Microwave pulses sent to qubits with the help of Qiskit Pulse

IBM Quantum’s hardware and Qiskit Pulse define pulses that have their own set of variables and constraints, so we had to calibrate our pulses to the hardware by developing a mapping between the hardware’s variables and our control pulse’s I and Q variables. We performed a Rabi experiment, varying a square pulse’s duration and measuring the qubit’s response in order to determine the Rabi rate. We repeated this experiment with various pulse amplitudes to create a mapping table between the hardware and the pulses that we sent. Then, we fine-tuned our pulses to account for the differences between values that we send the chip and what the qubit actually reads.

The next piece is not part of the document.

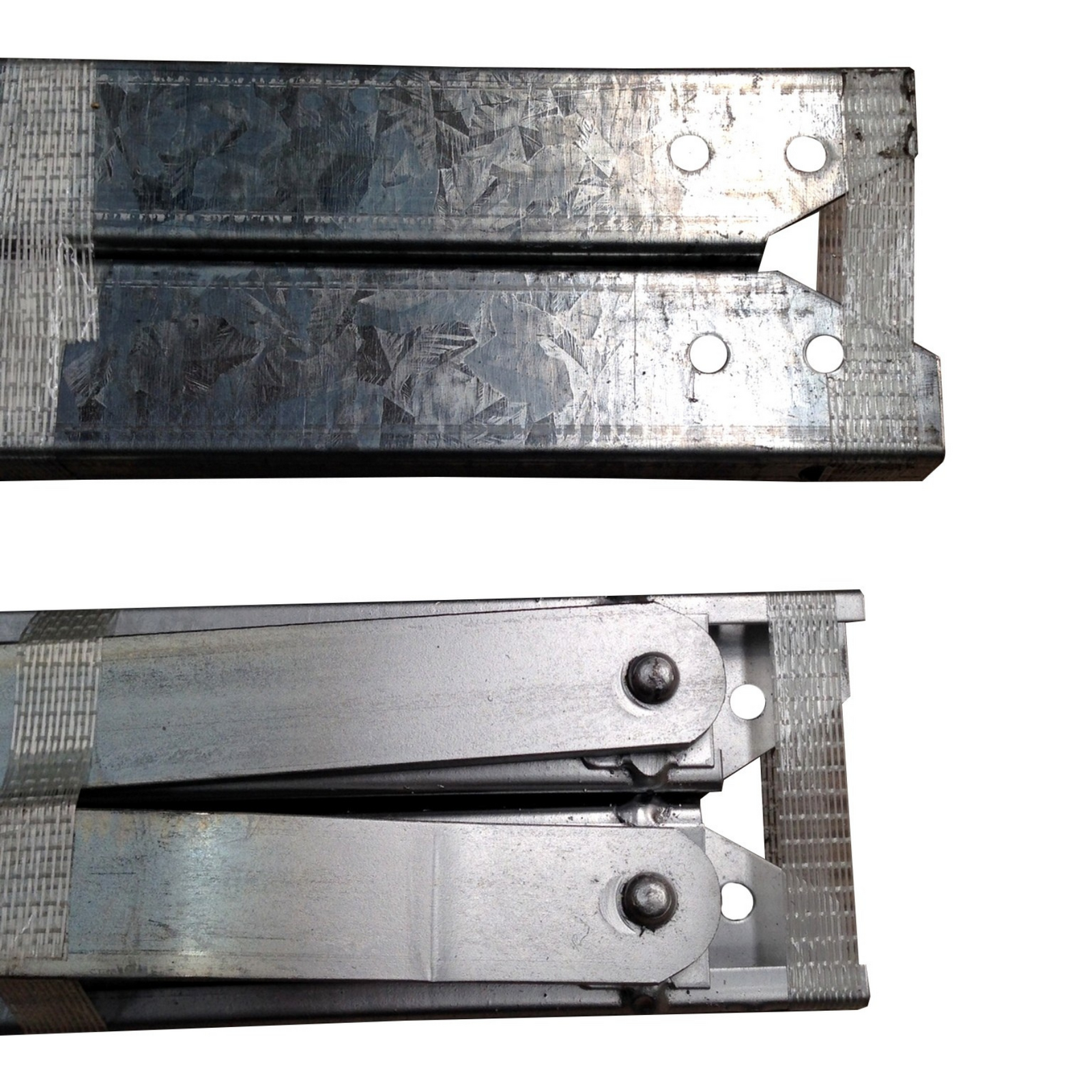 - They are made of a steel track on the bottom & top sections, as well as two flat steel lengths that form an X and pivot in the centre.

After all of this pulse design and calibration, we showed that our single-qubit gates consistently outperformed default gates:

  • Error rates were up to ten times better on the new gates
  • Error rates were five times better on average for the whole IBM Quantum Valencia device we experimented on.
  • These pulses reduced the gate variability between qubits — we were able to make all of the qubits perform nearly as well as the best-performing qubit.
  • Our calibration remained useful for a week, rather than for default gates that require daily calibration.
  • These gates worked well in parallel, and were resilient to ambient noise as well as crosstalk noise that arises when we act on multiple qubits simultaneously.

We’ve included a graph of the results below comparing the error rates of the default X-gate on the left and our custom gates on the right, where darker colors mean lower error rates.

A default X-gate (left) versus our custom X-gate (right)

On top of our control scheme, the Q-CTRL team even used machine learning in order to develop optimized quantum controls without the need for any knowledge of the hardware. We constrained an algorithm to create new controls and perform certain experiments, combined with a decision engine that decides what to do with new information. This algorithm was able to learn about the hardware and the physics in order to find gates that were up to two times faster than the Qiskit defaults. The Q-CTRL team will be publishing more on this soon.

We hope this has demonstrated the power of Qiskit Pulse, and the performance gains that can be had with pulse-level control over our own IBM Quantum devices as well as other hardware architectures. We encourage you to get started using Qiskit and to try crafting pulses of your own and help us continue pushing the quantum computing field forward.